TRY IT.
Once "SocialBee makes it" turns up in a line below, reproduce that line and those after it exactly, stopping after the line with "Cliff Hagan and"; leave pictures out.

-- Opening Marker --

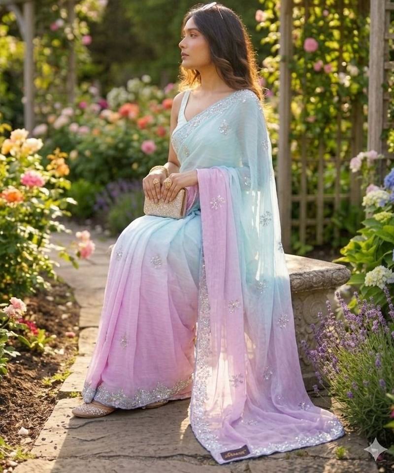 | Product Name | Sky Blue Pink Twin Padding Color Pixel Crush Fabric Smart And Sophisticated Girlie Saree | |
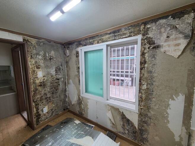 이전 세입자분이 나가고의 상태에요. 진짜 답이 안 나오는 상황이었습니다. 그동안 환기도 잘 안된 것은 물론이고 오래된 빌라이니깐... 그러려니 해도 까면 깔수록 상태가 너무 안 좋아서 세입자분이 나가고 2주 동안은 곰팡이 제거를 직접하고 약처리도 하고 통풍을 계속 시키면서 곰팡이 잡는 것을 1순위로 두었어요.
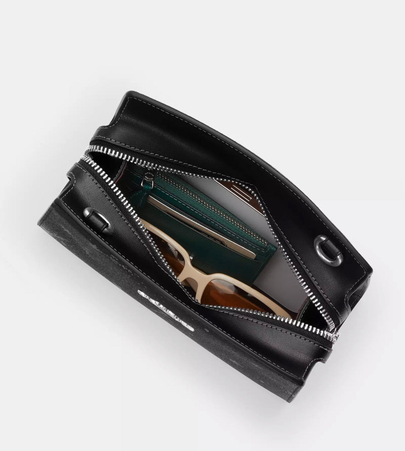 Detachable strap with 24” drop for shoulder or crossbody wear
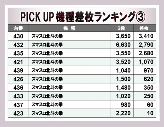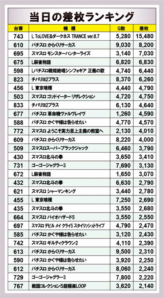 ※差枚数順に掲載しています。
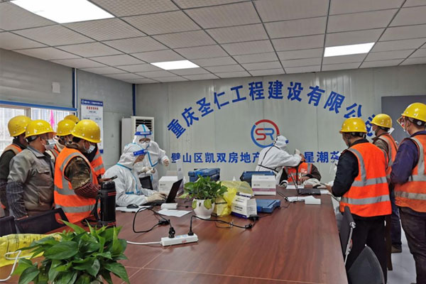 考慮到璧山區(qū)黛山璟悅項(xiàng)目部(中建三局)復(fù)工職工多,前往醫(yī)院進(jìn)行核酸檢測較為困難,且容易引起人員聚集,2月22日上午,青杠街道衛(wèi)生院迅速組織醫(yī)護(hù)人員前往企業(yè)設(shè)立“專場”核酸采樣點(diǎn),為他們進(jìn)行核酸采集工作。
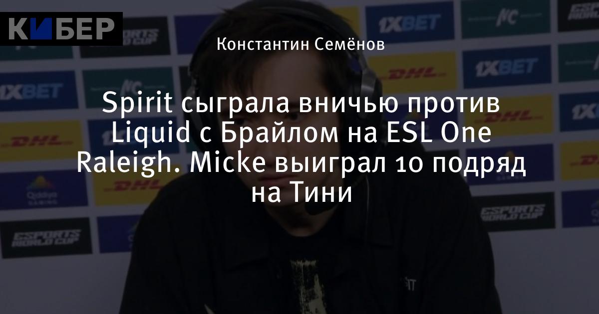 Spirit сыграла вничью против Liquid с Брайлом на ESL One Raleigh. Micke выиграл 10 подряд на Тини
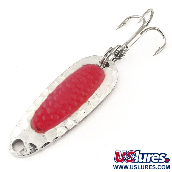 En klar röd simulerad romkorninsats står i centrum på detta 3,5 cm (1 1/2") skeddrag och ger en visuell trigger mot den hamrade nickelfinishen. Denna Nebco Pixee, identifierad med produktkod 12188, väger 4,5 g (3/16 oz) och har en kropp i kraftig mässing designad för stabilitet i starka strömmar eller vid långdistanskastning. Ursprungligen från National Expert Bait Company – föregångaren till det moderna varumärket Blue Fox – är detta bete ett klassiskt val för lax och steelhead. Den hamrade strukturen fångar ljus från alla vinklar, medan den röda insatsen visar ett tydligt sken vid svagt ljus, vilket efterliknar utseendet på riktig fiskrom. Hårdvaran inkluderar en robust trekrok fäst med en stark fjäderring. Presenterat i 5/5-skick, visar exemplaret en briljant finish och är helt utan slitage.
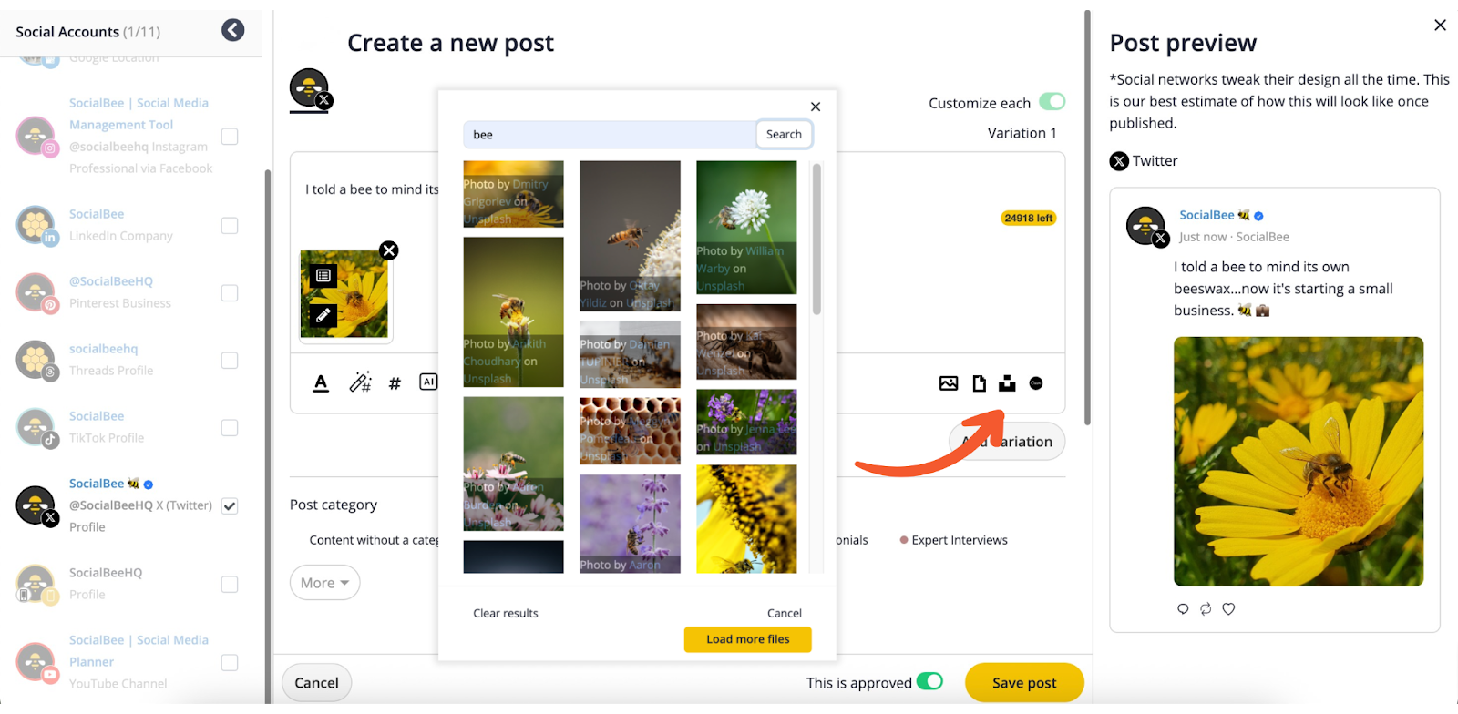 SocialBee makes it easy to create, schedule, and publish posts on X (formerly Twitter) from one content calendar. You can post text, images, videos, GIFs, and links directly from your dashboard, all while collaborating with your team, interacting with your audience, and keeping track of your Twitter analytics.
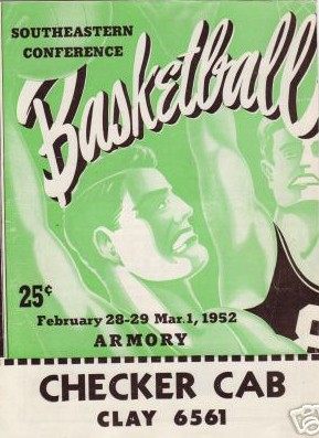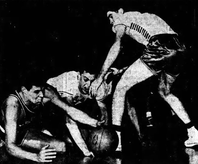 Cliff Hagan and Tulane's Don Holt are on the floor reaching for the ball
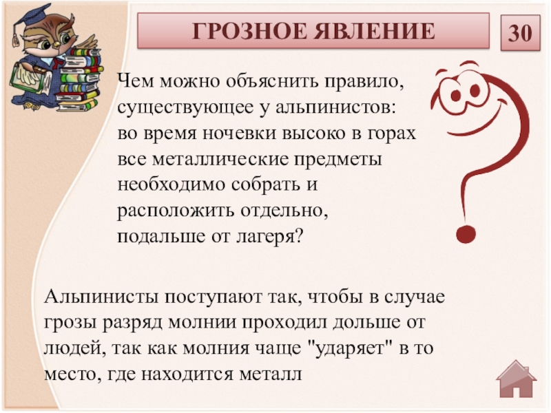 Чем можно объяснить правило, существующее у альпинистов: во время ночевки высоко в горах все металлические предметы необходимо собрать и расположить отдельно, подальше от лагеря?
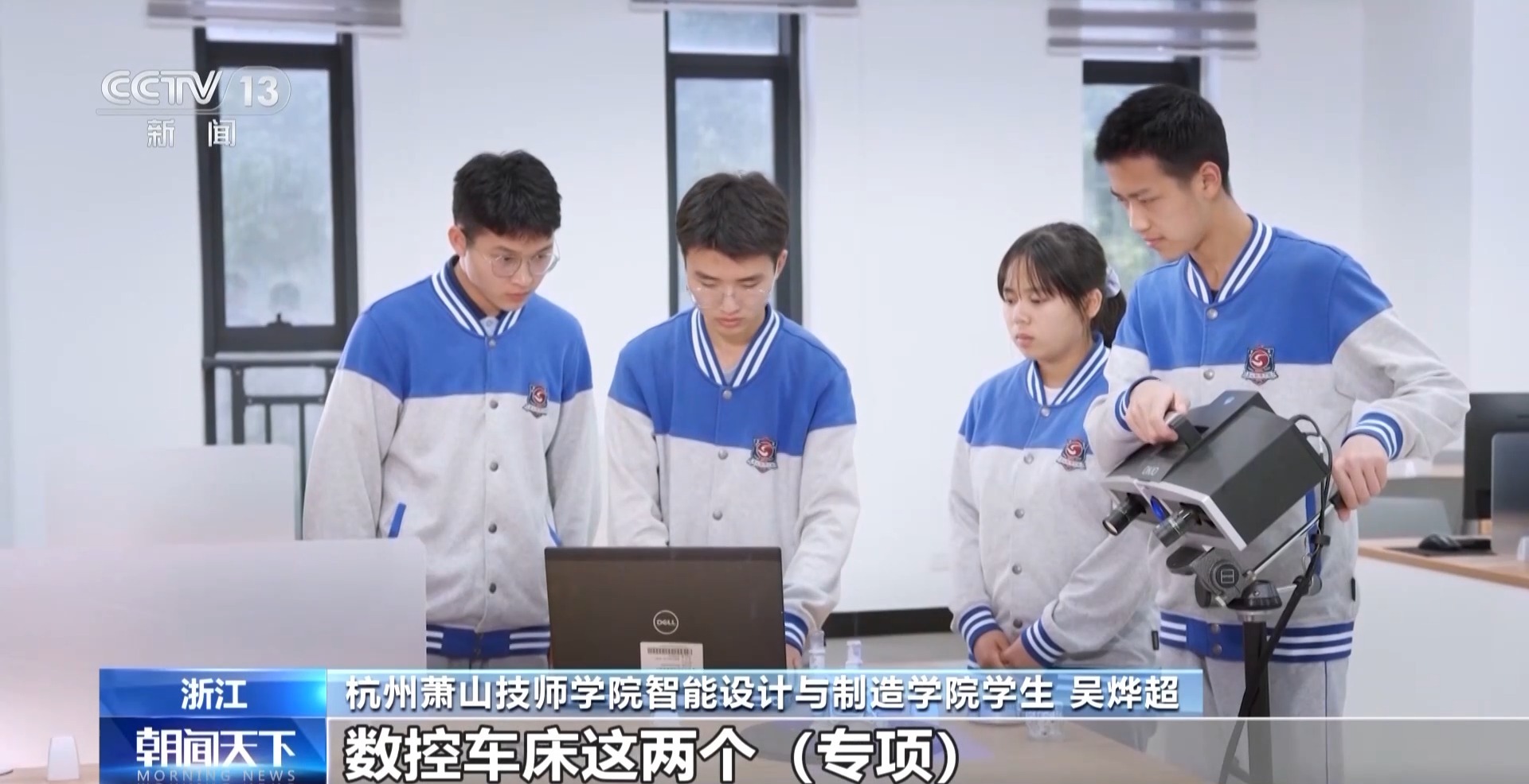 在杭州蕭山技師學(xué)院的多軸加工教學(xué)工作站里,學(xué)生們正在進(jìn)行實(shí)操訓(xùn)練。體積最大的這臺(tái)叫五軸加工中心,專門用于加工航天裝備、精密器械的復(fù)雜曲面。一些學(xué)生告訴記者,像這樣的大家伙,這兩年學(xué)校沒少添置。
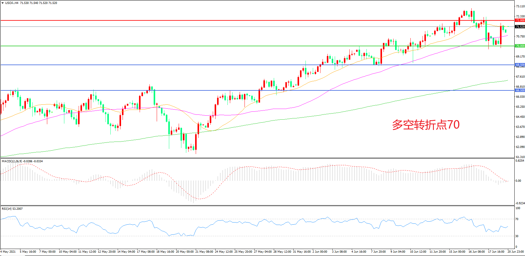 交易策略:在70.00之上看涨,目标72.00    75.00
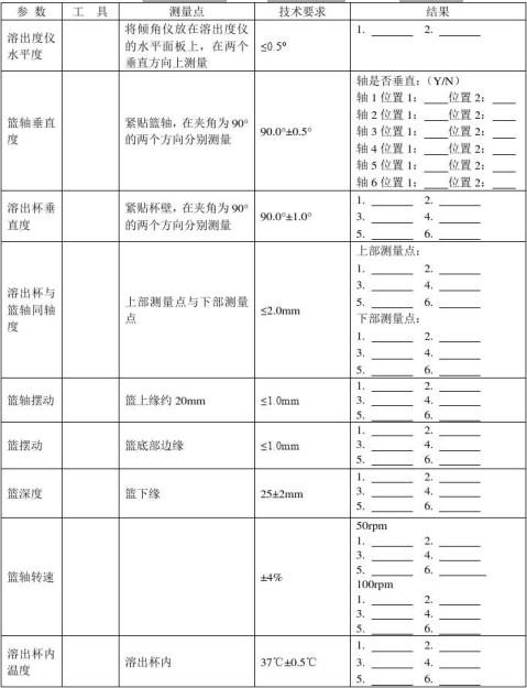 溶出度儀機(jī)械驗證記錄表——**法(籃法)

-- Closing Marker --

WORKED SOLUTION.
 SocialBee makes it easy to create, schedule, and publish posts on X (formerly Twitter) from one content calendar. You can post text, images, videos, GIFs, and links directly from your dashboard, all while collaborating with your team, interacting with your audience, and keeping track of your Twitter analytics.
 Cliff Hagan and Tulane's Don Holt are on the floor reaching for the ball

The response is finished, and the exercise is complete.